Das Herz der Gemeinde schlägt jetzt am Annaberg RP 03.02.2021

Gemeindesekretärin Heidi Bodden hat sich an ihrem neuen Arbeitsplatz an der Groten Gert bereits eingelebt. Foto: Armin Fischer ( arfi )

Die Evangelische Kirchengemeinde Rheinberg hat ihre Aktivitäten im Haus der Generationen konzentriert. Auch das Gemeindebüro hat dort nun seinen Sitz.

Vor drei Monaten ist die evangelische Kirchengemeinde Rheinberg aus den Räumlichkeiten an Innenwall/Rheinstraße ins Haus der Generationen an der Straße Grote Gert am Annaberg gezogen, um zu sparen und den defizitären Haushalt weiter zu entlasten. Neben der Verwaltung konzentrieren sich künftig auch alle Gemeindeaktivitäten im Haus an der Grote Gert 50, lediglich die Gottesdienste sowie das Kirchencafé werden noch in der Innenstadt gefeiert.
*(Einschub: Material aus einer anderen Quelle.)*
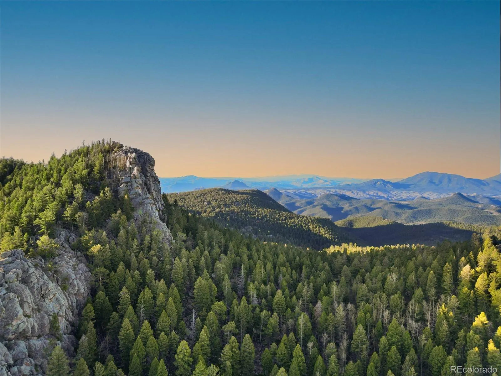 Own your own mountain. Set on 225 private acres crowned by the dramatic cliffside of Riley Peak, this extraordinary Conifer estate is among the most breathtaking land offerings within 30 miles of Denver. A paved 1.2-mile driveway begins at the gated entrance, winding through towering evergreens before reaching a second private gate at the residence—providing year-round access and a level of privacy rarely found this close to the city.

Auch wenn das bunte Gemeindeleben mit allen Gruppen und Veranstaltungen aufgrund der Corona-Pandemie weitgehend ruht, zeichnet sich für Pfarrer Udo Otten ab, dass der Umzug die richtige Entscheidung war. Nicht nur aus Kostengründen: „Wir sind hier am Annaberg näher an den Menschen, an unseren Gemeindegliedern.“
Bereits vor ein paar Jahren hatte eine Gemeindeanalyse ergeben, dass ein Großteil der rund 3000 Gemeindeglieder am Annaberg beheimatet ist.

Info

So erreicht man das Gemeindebüro

Kontakt Das Gemeindebüro der Evangelischen Kirchengemeinde Rheinberg hat seinen Sitz  am Annaberg, Grote Gert 50, im Haus der Generationen.   Die Telefonnummer lautet 02843 2204, die Faxnummer 02843 860575. Per Mail ist das von Gemeindesekretärin Heidi Bodden geleitete Büro unter kontakt@kirche-rheinberg.de zu erreichen.

Öffnungszeiten Montag, Dienstag und Freitag von 9 bis 12 Uhr, Donnerstag von 15 bis 17.15 Uhr, mittwochs geschlossen.

Nun ist eine solche Untersuchung allein kein Indikator für Nähe. Doch Gemeindesekretärin Heidi Bodden bestätigt den Eindruck: „Wir sind dorthin gezogen, wo die Gemeindearbeit stattfindet.“  Udo Otten wünscht sich, das sich die Gemeinde damit noch weiter öffnet: Im Haus der Generationen könne man sich auch einfach mal auf einen Kaffee treffen, ohne ein konkretes Anliegen zu haben. Das sei in den Räumen am Innenwall/Rheinstraße kaum möglich gewesen.

Auf den Betrieb im Haus der Generationen wird sich der Umzug der Gemeinde kaum auswirken. „Alle Gruppen werden – nach Corona – ihre Angebote wie gewohnt weiterführen“, versichert der Pastor. Bei der Neuorganisation des Zeitplans sei es lediglich zu einer Terminkollision gekommen, die zur Zufriedenheit der beiden betroffenen Gruppen gelöst wurde. Auch die Räumlichkeiten im Haus der Generationen wurden der neuen Situation angepasst: Das Büro renoviert, neue Möbel angeschafft und die EDV aktualisiert. Die Kegelbahn im Keller war schon vor Jahren aufgegeben worden, jetzt musste auch der alte Kegelautomat zugunsten von mehr Stell- und Lagerfläche weichen.

Heidi Bodden hat auf rund 20 Quadratmetern ihr Büro im Haus der Generationen bezogen und kümmert sich darin seit November um Administratives rund um Taufen, Hochzeiten oder Beerdigungen. Wegen der Corona-Kontaktbeschränkung ist das Anrufaufkommen aktuell hoch. Wann geht es weiter mit der Gemeindearbeit, wann finden Gottesdienste statt und wie läuft das überhaupt mit dem Streaming der Gottesdienste – das sind Fragen, die Heidi Bodden geduldig  beantwortet. Doch auch wer vor der Tür des Gemeindebüros stehe, werde nicht abgewiesen. Pastor Otten, der im Pfarrhaus am Innenwall wohnen bleiben wird, muss nun pendeln. „Eine überschaubare Strecke“, sagt er augenzwinkernd.

Was aus den Gebäuden in der Innenstadt wird, ist noch offen. „Wir arbeiten an einem tragfähigen Konzept“, so Otten. Ideen gebe es viele, aber noch habe man keine konkreten Pläne. Nur so viel steht fest: „Langfristig  sollen die Gebäude nicht leerstehen – davon werden sie auch nicht besser“, sagt der Gemeindepfarrer.